There is a large amount of literature on [[polynomial-time algorithm]]s for certain special classes of discrete optimization, a considerable amount of it unified by the theory of [[linear programming]]. Some examples of combinatorial optimization problems that fall into this framework are [[shortest path]]s and [[shortest-path tree]]s, [[flow network|flows and circulations]], [[spanning tree]]s, [[Matching (graph theory)|matching]], and [[matroid]] problems.

There is a large amount of literature on polynomial-time algorithms for certain special classes of discrete optimization, a considerable amount of it unified by the theory of linear programming. Some examples of combinatorial optimization problems that fall into this framework are shortest paths and shortest-path trees, flows and circulations, spanning trees, matching, and matroid problems.

关于某些特殊类型的离散优化的多项式时间算法有大量的文献,相当多的文献被线性规划理论所统一。属于这个框架的组合优化问题的一些例子包括最短路径和最短路径树、流和循环、生成树、匹配和拟阵问题。

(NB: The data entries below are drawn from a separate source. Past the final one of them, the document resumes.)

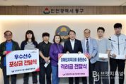 브릿지저널 김경미 기자 | 인천 동구장애인체육회는 지난 14일 제7회 인천광역시장애인생활체육대회 입상 선수 및 제45회 전국장애인체육대회 출전선수를 초대해 격려금을 지급했다고 밝혔다. 이날 행사는 지난 인천시 장애인생활체육대회 탁구 종목에서 금메달과 동메달을 딴 선수들의 노고를 치하하고, 전국장애인체육대회에 출전하는 선수들을 격려하기 위해 마련됐다. 김찬진 동구청장은 우수한 성적으로 입상한 선수와 전국장애인체육대회 출전하는 선수에게 격려와 응원의 메시지를 전달했다. 김찬진 동구청장은 “장애를 딛고 끊임없이 도전하는 선수의 열정과 노력이 자랑스럽다”며 “동구 장애인 체육활성화를 위해 적극 지원하겠다”고 말했다. 한편, 동구장애인체육회는 지역 장애인들이 체육을 통해 건강한 삶을 누릴 수 있도록 장애학생 대상 여름방학 체육활동, 장애인 탁구 교실, 수영교실, 파크골프 등의 프로그램을 운영중에 있으며 앞으로도 다양한 종목의 생활체육 프로그램과 체육 활동을 지원할 예정이다.
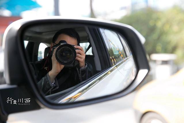 由于米粥从某旅游网申请到了试驾用车,所以我们省去了租车的麻烦事儿,第一天,兴奋地从成都出发了。出发前,对着右侧镜嘚瑟来一张。
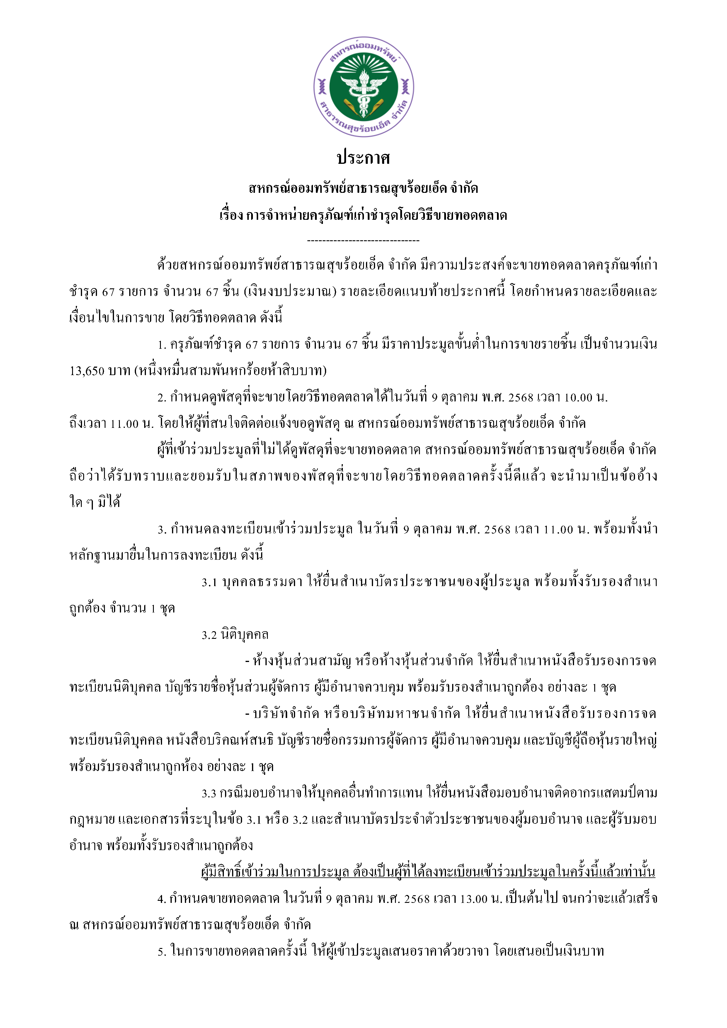 ประกาศ การจำหน่ายครุภัณฑ์เก่าชำรุดโดยวิธีขายทอดตลาด
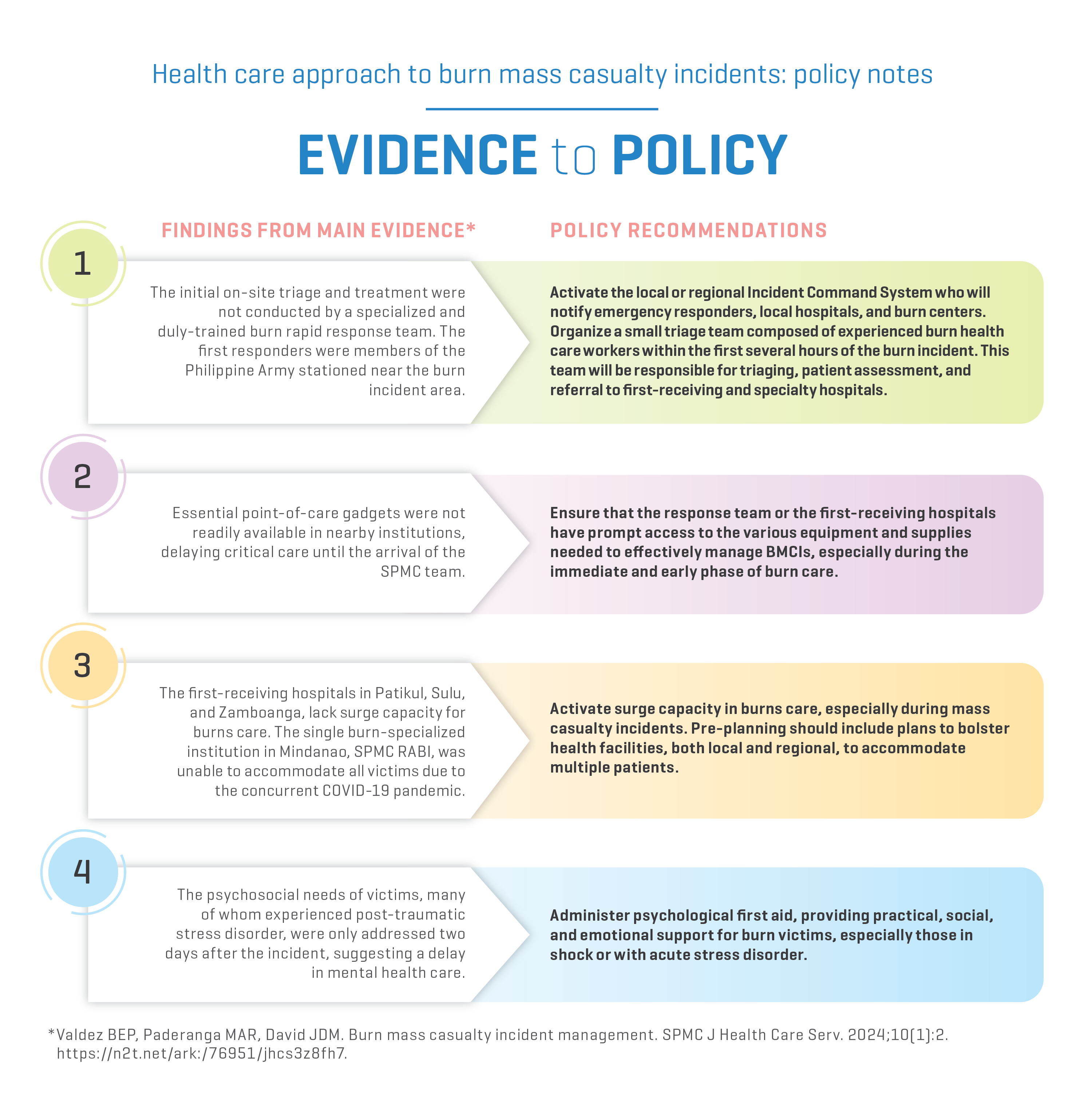 Cite as Valdez BEP, Paderanga MAR, David JDM, Perandos-Astudillo CM, Roño RC. Health care approach to burn mass casualty incidents: policy notes. SPMC J Health Care Serv. 2024;10(1):5. https://n2t.net/ark:/76951/jhcs2g3q4f
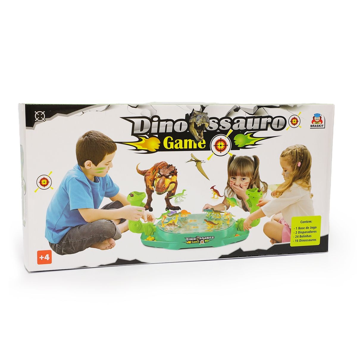 - Contém: 1 Base de jogo, 2 Disparadores, 24 Bolinhas, 16 Dinossauros
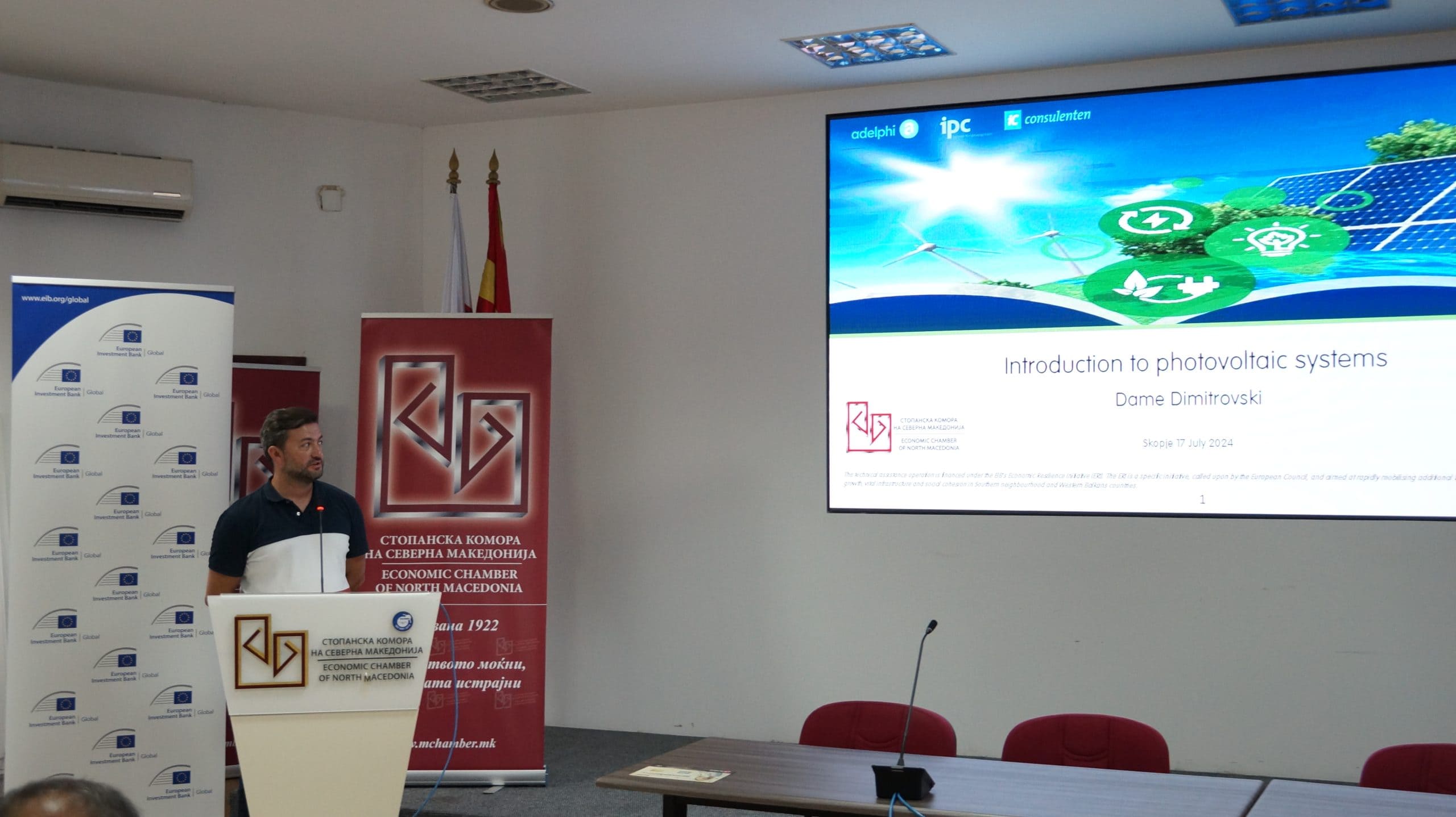 Настанот, чиј домаќин е Стопанската комора на Северна Македонија, во имплементација на одговорниот консултантски тим (adelphi, IPC и iC consulenten) и поддржан од кредитната линија EIB7, имаше за цел да ги поттикне локалните бизниси да се пренасочат кон обновливи извори на енергија и да го намалат нивниот јаглероден отпечаток. Учесниците се запознаа со најсовремените фотоволтаични и батериски технологии на македонскиот пазар, и разменија искуства со експертите за соларна енергија од локалните производители.
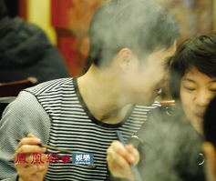 圖文:小沈陽涮肉豪飲慶功 與嬌妻親密耳語

For [[NP-complete]] discrete optimization problems, current research literature includes the following topics:

For NP-complete discrete optimization problems, current research literature includes the following topics:

对于 np 完全的离散优化问题,目前的研究文献包括以下主题:

* polynomial-time exactly solvable special cases of the problem at hand (e.g. see [[fixed-parameter tractable]])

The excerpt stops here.